There you have it! Generate the code for the badge and copy it into your sidebar or anywhere else on your page for a cool looking interactive widget which is way more interesting than a long list of text links. For an example, check out how it looks on my blogroll page. (Favoritethingz, the service that hosted this hack is no longer in service.)

[1] Thank you Leonard & Chris Plasser for organizing a bang up Hack Day. I think I’m safe in saying that my hack was by far the least technically spectacular of the bunch. I had to leave early but did get the watch a few of the demos via the live feed and have to say that the hacks (over 100 by my count) this time around were even more impressive than before. The theme seemed to be, “simple yet revolutionary” – it’s amazing what you can do with a few lines of code these days.

Open Yahoo Hack Day

There is another Yahoo Hack Day for Yahoo staff coming up next month. Last time was a blast and our hack continues to live on with a recent mention in BusinessWeek. I fully intend to participate and am already thinking about a few ideas but am even more psyched that we’re opening things up to the public for an open Hack Day on September 29th.

Rather than keep all the fun to ourselves, we decided to let the unwashed masses come in and try their hand at stitching something cool together at our first public Yahoo Hack Day. This is what it’s all about – why limit creativity to just a pool of 10,000?

If you think you have a better way of doing things, right on! Come over to the Yahoo headquarters in Sunnyvale on September 29th and show us the future as you would define it. Give something back, bank some karma and make them internets that much kinder & gentler.

Developer workshop on Friday followed by 24 hours of hacking capped with demos MC’d by Mike Arrington of TechCrunch and then a blowout, Yahoo-style pah-tey! For details and a sign up (hurry! space limited!) go to hackday.org. Should be a blast.

PS. If you can’t get past the “cyphertext” on hackday.org, let’s just say that’s our first intelligence test.

Yahoo Hack Day

Nice write up over on TechCrunch on a hack that I worked on with a team of seven other Yahoo’s spread out across the US.

Every couple of months groups of Yahoo’s band together to work on simple prototypes to work out a new concept or feature. Most are simple extensions of existing Yahoo products that extend them in new and original ways, some just use API’s in a way to poke fun and get a laugh, and others are full-blown software or hardware wizadry that blow your mind with their creativity and flash.

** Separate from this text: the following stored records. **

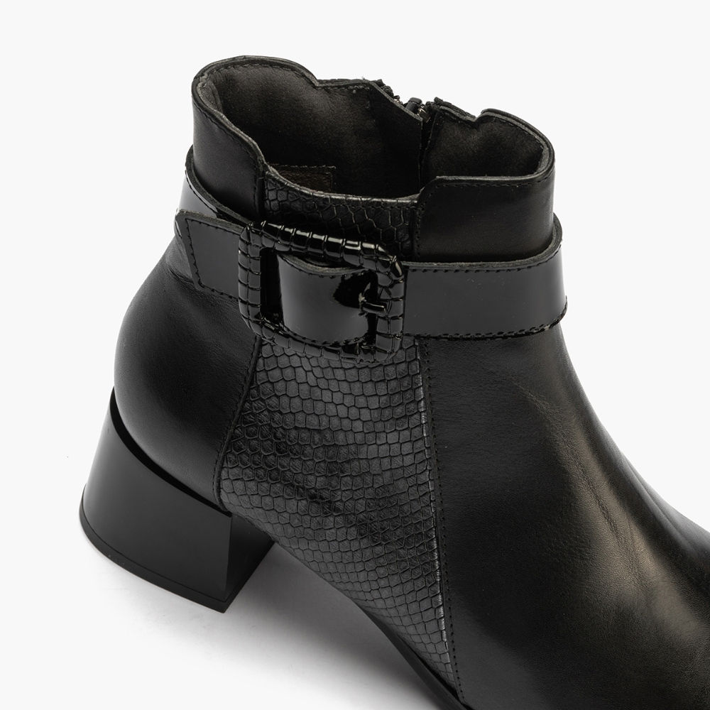 Botin con tacón bajo de la marca Pitillos para mujer. Fabricada en piel de gran calidad con cremallera lateral. Color negro
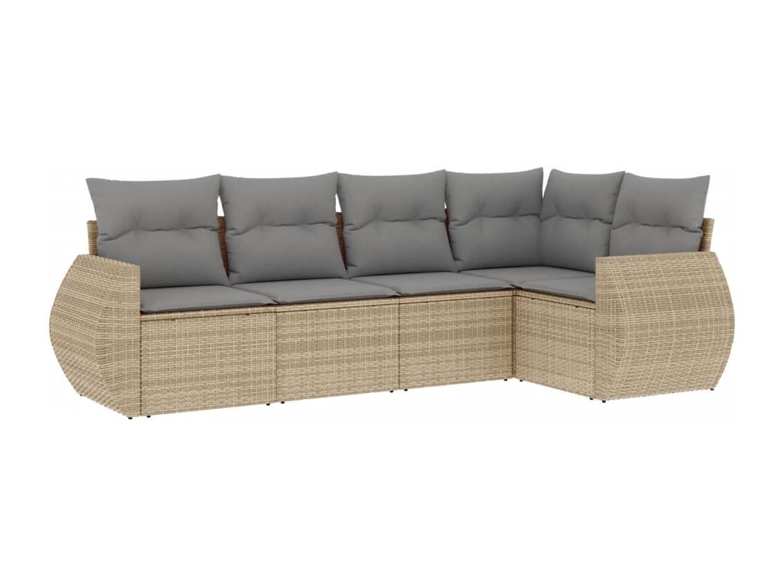 5 pcs conjunto de sofás p/ jardim com almofadões vime PE bege PT925683
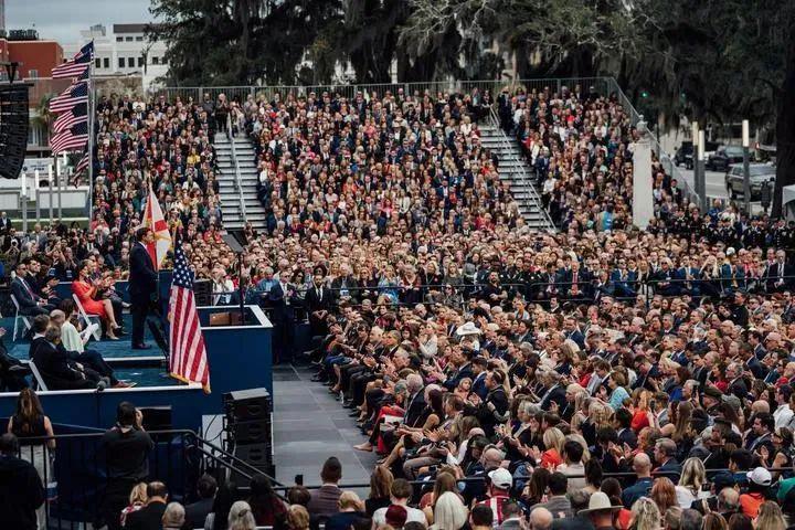 2023 年 1 月 3 日,在美国佛罗里达州塔拉哈西,德桑蒂斯出席州长就职仪式。新华社发(佛罗里达州政府供图)
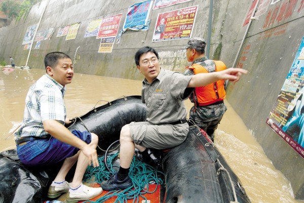 随州供电公司总经理吴国诚(左二)协调组织橡皮艇解救受困群众
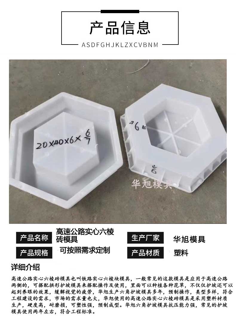 華旭生產(chǎn)高速公路實(shí)心六棱磚模具、鐵路實(shí)心六棱塊模具多年,符合生產(chǎn)原理及規(guī)則,質(zhì)量可靠,可設(shè)計(jì)定制,價(jià)格優(yōu)惠。

The rules were simple. Teams have from noon on Thursday through to noon on Friday to take their project from a concept to a working prototype that can be demoed in front of a panel of judges in 90 seconds or less.

Recruiting for the team took place in the weeks leading up to hack day and as we got closer we had a rough idea of what we wanted to do and emails were traded on how to break up the tasks at hand. We found out that having two members from NYC helped us out b/c the time difference meant that the West Coast team could hand off to them in the early morning and catch some sleep while they carried the torch and picked up where we left off.

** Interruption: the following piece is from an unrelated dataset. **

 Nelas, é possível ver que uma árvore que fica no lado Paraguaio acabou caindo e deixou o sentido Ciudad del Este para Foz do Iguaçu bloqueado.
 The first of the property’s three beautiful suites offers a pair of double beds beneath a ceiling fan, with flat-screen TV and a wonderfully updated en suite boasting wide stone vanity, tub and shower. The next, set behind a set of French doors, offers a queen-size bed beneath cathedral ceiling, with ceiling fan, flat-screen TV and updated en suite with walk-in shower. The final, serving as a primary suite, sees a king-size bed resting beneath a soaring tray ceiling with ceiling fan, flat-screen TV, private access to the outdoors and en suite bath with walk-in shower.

I learned many things at Hack Day and am really happy Yahoo gave me the chance to participate. I would argue that I learned almost as much about Product Management in those 24 hours than I did in two years when I was product manager at Factiva.com. 24 hours and a 90 second demo do wonders to focus your attention to the absolute core. What company would give their employees two half days of to scratch an itch and then give you a chance to get in front of folks like the CFO, co-founder, and Head of Product Strategy to let you state your case? What a cool company.

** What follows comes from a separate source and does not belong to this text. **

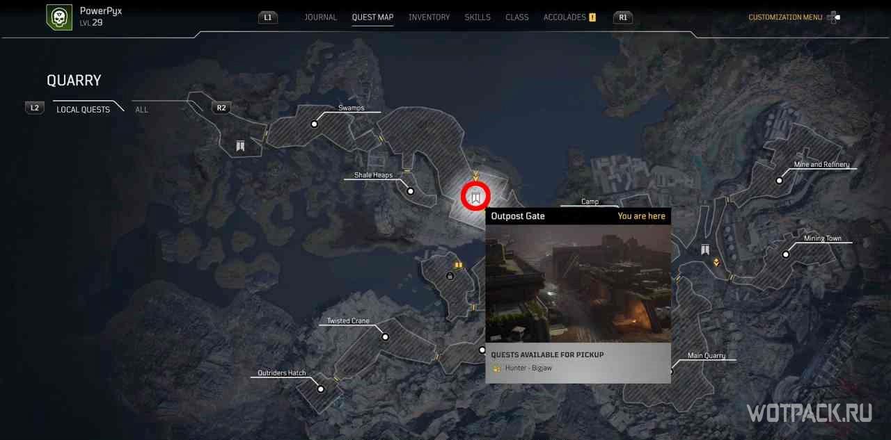 Помимо этого, можно открыть карту мира и приблизить определенные зоны. На ней желтым цветом отмечены доступные миссии, а серым уже выполненные. Благодаря этому отслеживать задания в Outriders очень просто. Также на открытой карте в левом нижнем углу показано сколько квестов каждого типа уже завершены.
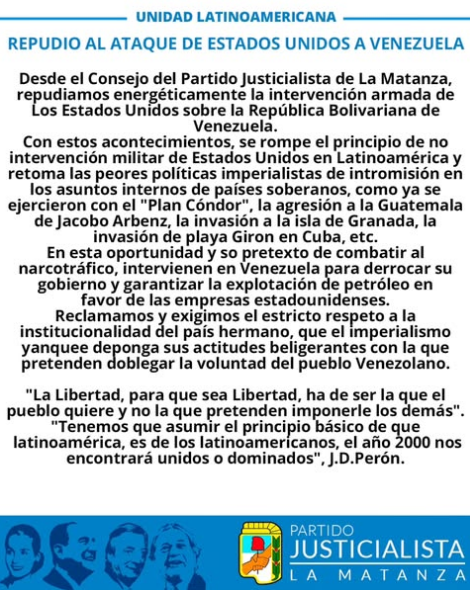 “Desde el Consejo del Partido Justicialista de La Matanza, repudiamos energéticamente la intervención armada de Los Estados Unidos sobre la República Bolivariana de Venezuela”, abre el comunicado.

There were lots of highlights, unfortunately I can’t write about most of the hacks themselves but there were some great flashes of personality too. Chad bought a sound level meter to measure the cheers & hoots which were many and supportive. We were all running on fumes so all was forgiven. My favorite demo was the poor man’s karaoke machine (lyrics on the screen set to associated flickr images) which croaked on the flickr image part and just ended up being 90 seconds of Jeffery Bennett singing while he waited for his demo to work.

Jeff’s voice is not half bad either!